AVAILABLE DATA
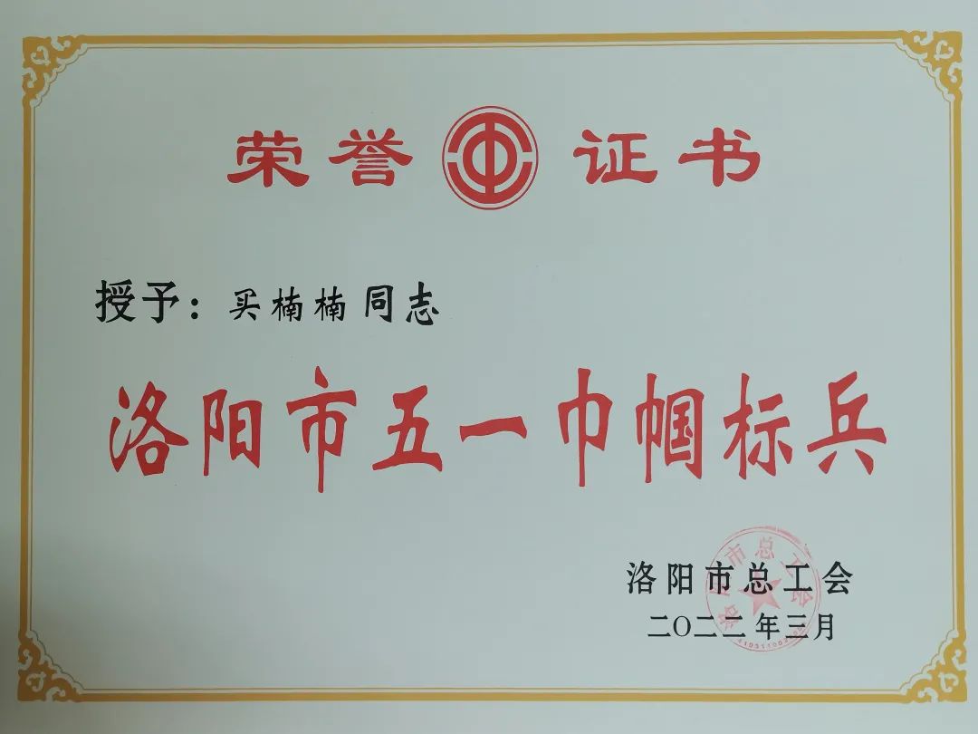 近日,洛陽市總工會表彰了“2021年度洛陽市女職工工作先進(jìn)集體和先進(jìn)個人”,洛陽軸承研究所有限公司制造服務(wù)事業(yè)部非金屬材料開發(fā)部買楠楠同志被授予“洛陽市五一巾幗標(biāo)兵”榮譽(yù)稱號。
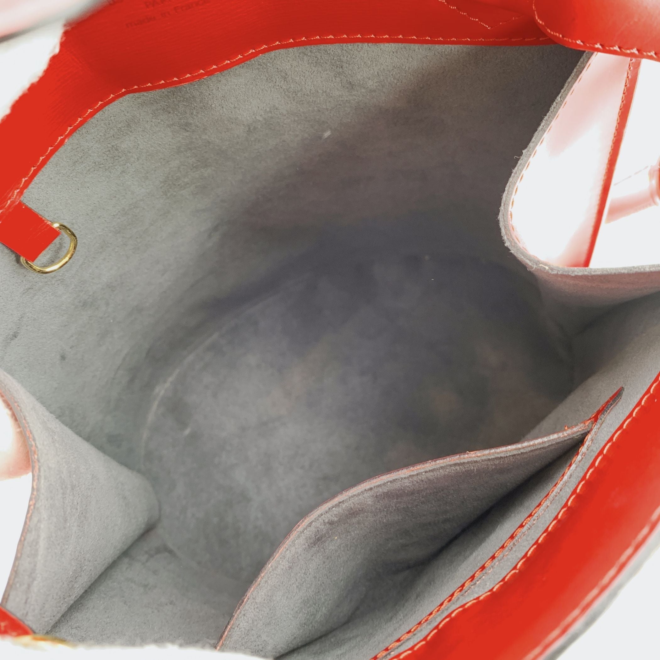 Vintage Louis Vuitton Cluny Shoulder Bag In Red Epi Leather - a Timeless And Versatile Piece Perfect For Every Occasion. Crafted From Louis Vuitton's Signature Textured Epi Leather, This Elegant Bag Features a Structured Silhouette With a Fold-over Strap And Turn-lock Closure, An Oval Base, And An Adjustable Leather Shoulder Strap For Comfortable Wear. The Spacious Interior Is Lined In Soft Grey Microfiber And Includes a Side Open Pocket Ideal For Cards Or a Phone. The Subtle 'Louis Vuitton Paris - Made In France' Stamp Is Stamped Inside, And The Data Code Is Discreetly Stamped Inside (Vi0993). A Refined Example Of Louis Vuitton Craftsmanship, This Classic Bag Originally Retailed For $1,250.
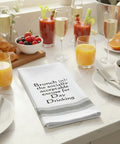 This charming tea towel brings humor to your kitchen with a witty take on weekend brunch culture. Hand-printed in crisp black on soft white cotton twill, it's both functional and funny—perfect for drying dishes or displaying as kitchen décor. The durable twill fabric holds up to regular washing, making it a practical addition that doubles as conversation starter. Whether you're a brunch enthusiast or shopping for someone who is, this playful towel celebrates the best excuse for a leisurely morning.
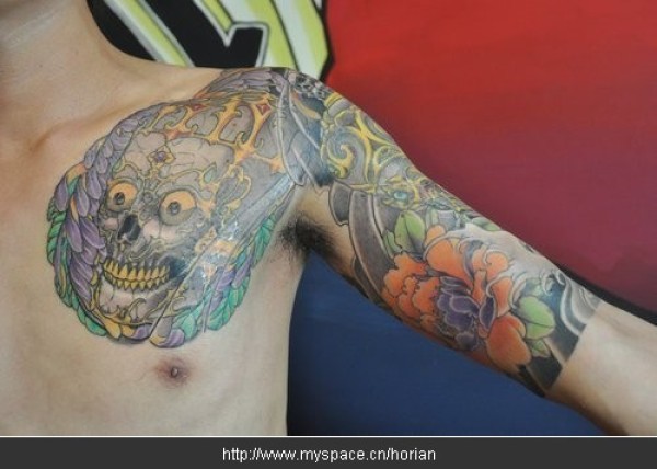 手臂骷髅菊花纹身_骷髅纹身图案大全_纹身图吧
* * *
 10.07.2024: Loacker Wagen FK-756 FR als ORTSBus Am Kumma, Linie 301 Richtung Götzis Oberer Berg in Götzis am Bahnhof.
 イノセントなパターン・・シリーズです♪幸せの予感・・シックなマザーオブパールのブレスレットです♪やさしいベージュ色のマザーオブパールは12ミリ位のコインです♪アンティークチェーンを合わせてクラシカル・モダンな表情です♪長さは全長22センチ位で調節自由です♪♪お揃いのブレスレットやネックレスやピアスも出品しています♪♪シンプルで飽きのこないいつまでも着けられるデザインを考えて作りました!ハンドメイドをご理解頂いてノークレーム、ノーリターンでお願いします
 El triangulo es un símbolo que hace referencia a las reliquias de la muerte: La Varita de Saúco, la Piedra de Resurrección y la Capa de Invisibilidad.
* * *
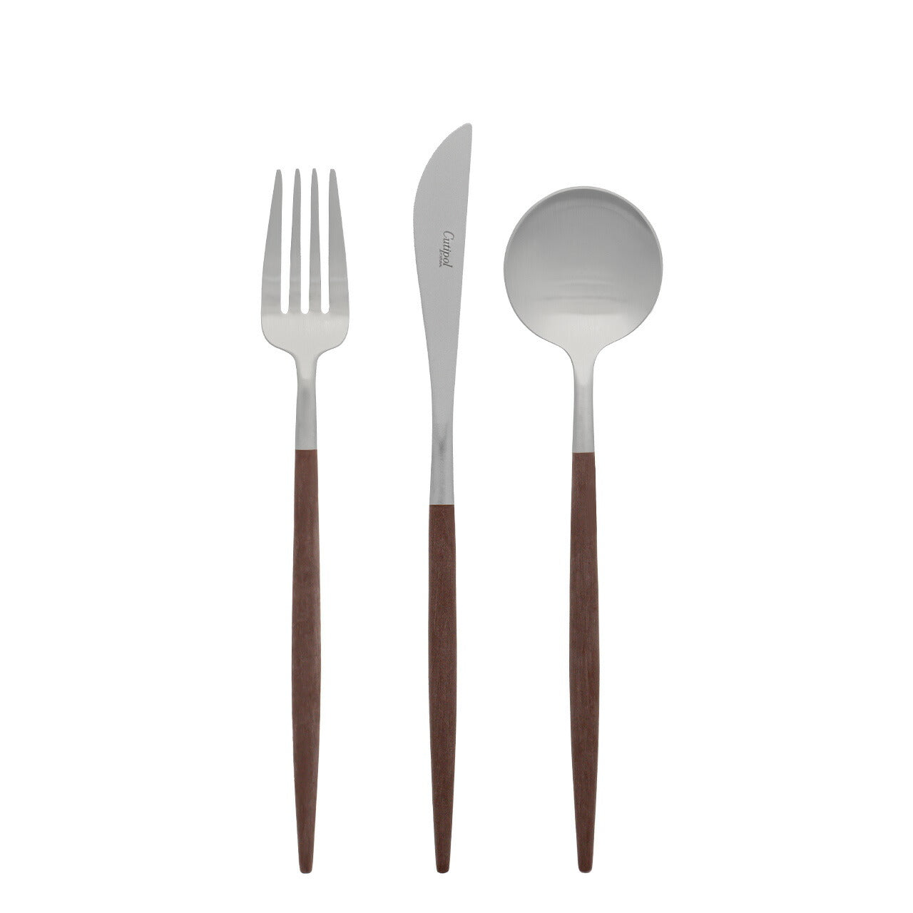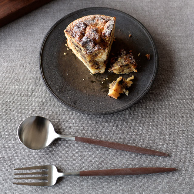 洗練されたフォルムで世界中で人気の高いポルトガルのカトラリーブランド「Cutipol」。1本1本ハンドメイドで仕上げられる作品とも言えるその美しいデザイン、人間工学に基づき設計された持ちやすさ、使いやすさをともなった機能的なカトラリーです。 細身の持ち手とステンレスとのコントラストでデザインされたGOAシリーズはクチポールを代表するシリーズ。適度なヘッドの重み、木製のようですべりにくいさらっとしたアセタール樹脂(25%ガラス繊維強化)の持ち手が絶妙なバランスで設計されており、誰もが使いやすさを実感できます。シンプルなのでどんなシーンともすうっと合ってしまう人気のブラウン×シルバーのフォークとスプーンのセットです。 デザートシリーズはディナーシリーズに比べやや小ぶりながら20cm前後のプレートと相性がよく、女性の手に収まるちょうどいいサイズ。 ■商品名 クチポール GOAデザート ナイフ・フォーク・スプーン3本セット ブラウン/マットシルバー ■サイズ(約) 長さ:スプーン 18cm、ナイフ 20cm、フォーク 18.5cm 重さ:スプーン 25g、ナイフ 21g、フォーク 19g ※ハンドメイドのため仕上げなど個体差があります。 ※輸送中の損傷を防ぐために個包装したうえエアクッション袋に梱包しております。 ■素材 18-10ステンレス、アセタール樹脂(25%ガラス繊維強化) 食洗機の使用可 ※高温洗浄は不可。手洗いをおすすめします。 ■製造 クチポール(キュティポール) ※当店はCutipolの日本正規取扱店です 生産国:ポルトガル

WORK TO COMPLETE
Using the entries above, reproduce word for word only the lines from the one that contains "Vintage Louis Vuitton" to the one that contains "手臂骷髅菊花纹身_骷髅纹身图案大全_纹身图吧", both ends included, and drop every picture.

ANSWER TO THIS EXERCISE
 Vintage Louis Vuitton Cluny Shoulder Bag In Red Epi Leather - a Timeless And Versatile Piece Perfect For Every Occasion. Crafted From Louis Vuitton's Signature Textured Epi Leather, This Elegant Bag Features a Structured Silhouette With a Fold-over Strap And Turn-lock Closure, An Oval Base, And An Adjustable Leather Shoulder Strap For Comfortable Wear. The Spacious Interior Is Lined In Soft Grey Microfiber And Includes a Side Open Pocket Ideal For Cards Or a Phone. The Subtle 'Louis Vuitton Paris - Made In France' Stamp Is Stamped Inside, And The Data Code Is Discreetly Stamped Inside (Vi0993). A Refined Example Of Louis Vuitton Craftsmanship, This Classic Bag Originally Retailed For $1,250.
 This charming tea towel brings humor to your kitchen with a witty take on weekend brunch culture. Hand-printed in crisp black on soft white cotton twill, it's both functional and funny—perfect for drying dishes or displaying as kitchen décor. The durable twill fabric holds up to regular washing, making it a practical addition that doubles as conversation starter. Whether you're a brunch enthusiast or shopping for someone who is, this playful towel celebrates the best excuse for a leisurely morning.
 手臂骷髅菊花纹身_骷髅纹身图案大全_纹身图吧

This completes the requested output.